To properly compare the transient denudation rates of Schaller et al. (2009a) with the 10Bemet-derived erosion rates using the methods of von Blanckenburg et al. (2012), the weathering component of denudation must be accounted for. For the Pinedale moraine, chemical weathering mass loss is estimated to be 16 % of the denudation rate, while for the Bull Lake moraine, the chemical weathering mass loss accounts for 20 % (Schaller et al., 2009b). Assuming that the weathering mass loss took place beneath the cosmic ray attenuation pathway, the recalculated average effective transient erosion rates are then 27.0 and 9.9 mm kyr−1 for the Pinedale and Bull Lake moraines, respectively. As we have no means to assess whether this assumption is correct, we instead account for this degree of potential loss in the uncertainties (in addition to analytical uncertainties) of the effective transient erosion rates in all further calculations. Regardless, we note that such weathering mass loss does not necessarily need to coincide with loss of dissolved 10Bemet. Rather, the sites of primary mineral dissolution might also be the sites of secondary mineral formation, high dissolved Ca, ensuing circumneutral pH, and hence potentially high 10Bemet retention.
3.3 10Bemet analysis
We analyzed approximately 1–2 g aliquots of the < 2 mm grain size moraine sediment fraction from the same ∼ 10–15 cm depth intervals that Schaller et al. (2009a) analyzed for Be isotope abundance at the Laboratory for the Geochemistry of the Earth Surface at GFZ Potsdam. We followed the sediment leaching procedure described in Ebert et al. (2012) and Wittmann et al. (2012), which was adapted from Bourlès (1988) and Guelke-Stelling and von Blanckenburg (2012), to extract Be isotopes from outer grain surfaces. Bulk samples underwent two steps to remove the adsorbed beryllium: a 24 h agitation in 0.5 M HCl (to extract amorphous oxide-bound Be) and 1 M hydroxylamine–hydrochloride (to remove crystalline-bound Be). After each step, the supernate was separated from the sediment.
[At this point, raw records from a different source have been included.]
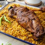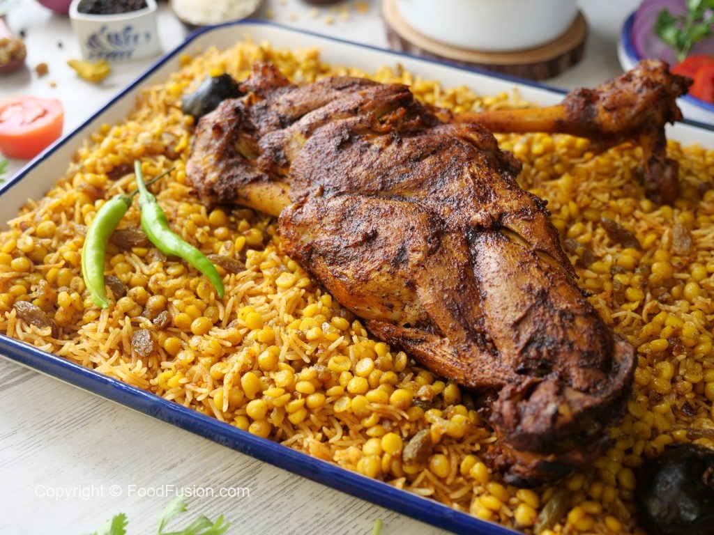 -On a serving platter,add & spread prepared rice,daal & raisins,mutton leg & garnish with green chillies & serve!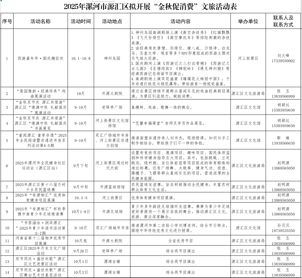 為深入貫徹落實(shí)國(guó)家、省、市關(guān)于促進(jìn)文旅消費(fèi)的決策部署,進(jìn)一步激發(fā)全區(qū)文旅市場(chǎng)活力、提振消費(fèi)信心、點(diǎn)燃群眾消費(fèi)熱情,拉動(dòng)文旅消費(fèi)增長(zhǎng),源匯區(qū)文旅局采取三項(xiàng)有力措施,精心籌備并扎實(shí)推進(jìn)金秋文旅消費(fèi)季活動(dòng)。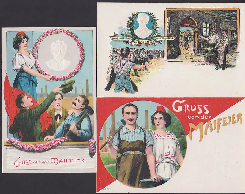 Gruss von der Maifeier, Ferdinand Lasalle , 2 Prägekarten, unbeschrieben, Leipziger Verlag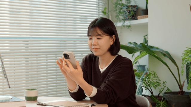 Woman smiling while using a smartphone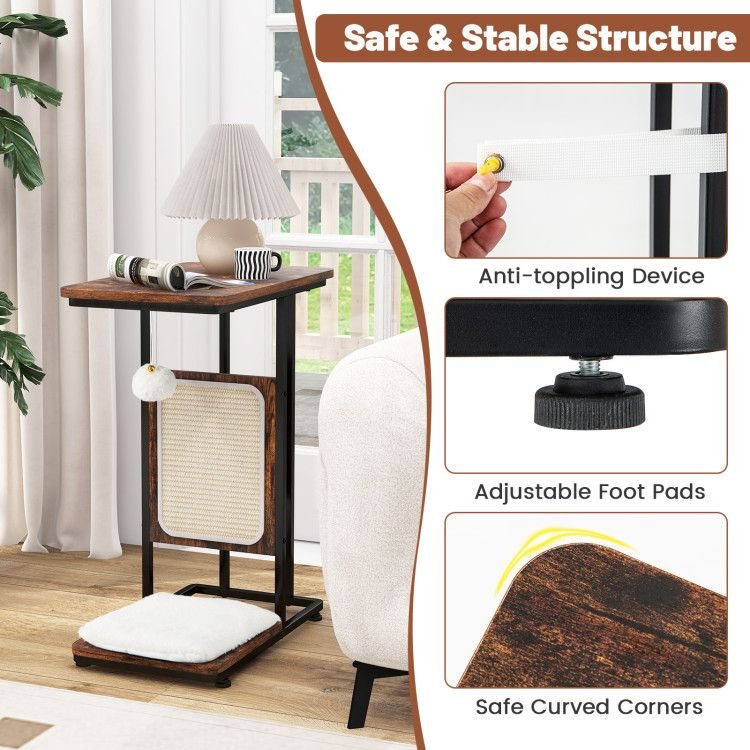 C- Shaped Cat Side Table Cat Tree with Scratching Board

To measure the adsorbed 10Bemet, the two aliquots of leached material were combined and homogenized with ∼ 200 µg of 9Be carrier (Table 2) and 2 mL HF was added to the acid sample solution. This solution was nearly completely dried down, then dissolved in an additional 1 mL of 50 % HF acid and dried down completely, repeated once. We then added 10 mL of ultrapure (18 MΩ) water to the warm fluoride residue and leached it for 1 h on a warm hotplate. The water containing the Be was gently removed via pipette and dried down separately. The Be in the water leach solution was extracted and purified by a form of the ion exchange chromatography procedure from von Blanckenburg et al. (2004) that was adapted for 10Bemet purification by passing the leachate through anion (2 mL of BioRad 1×8 100–200 mesh resin) and cation (2×1 mL BioRad AG50-X8 200–400 mesh) exchange resins, precipitated at pH ∼ 9 using NH4OH:H2O (1:1), washed twice with 2 mL ultrapure water with centrifugation in between, mixed with AgCl, centrifuged and dried overnight, and finally oxidized over open flame (> 1000 ∘C; modified from Kohl and Nishiizumi, 1992). 10Bemet ∕ 9Be ratios were measured at the Zurich AMS Lab (Kubik and Christl, 2010) (S555 standard, nominal 10Be∕Be = 95.5 × 10−12), from which the 10Be concentration (10Bereac=10Bemet) was calculated. Two carrier blanks analyzed with the samples registered AMS 10Be ∕ 9Be ratios of 3.2 ± 1.5 × 10−15 and 2.2 ± 1.5 × 10−15 containing ≪ 0.1 % of the 10Be in analyzed samples.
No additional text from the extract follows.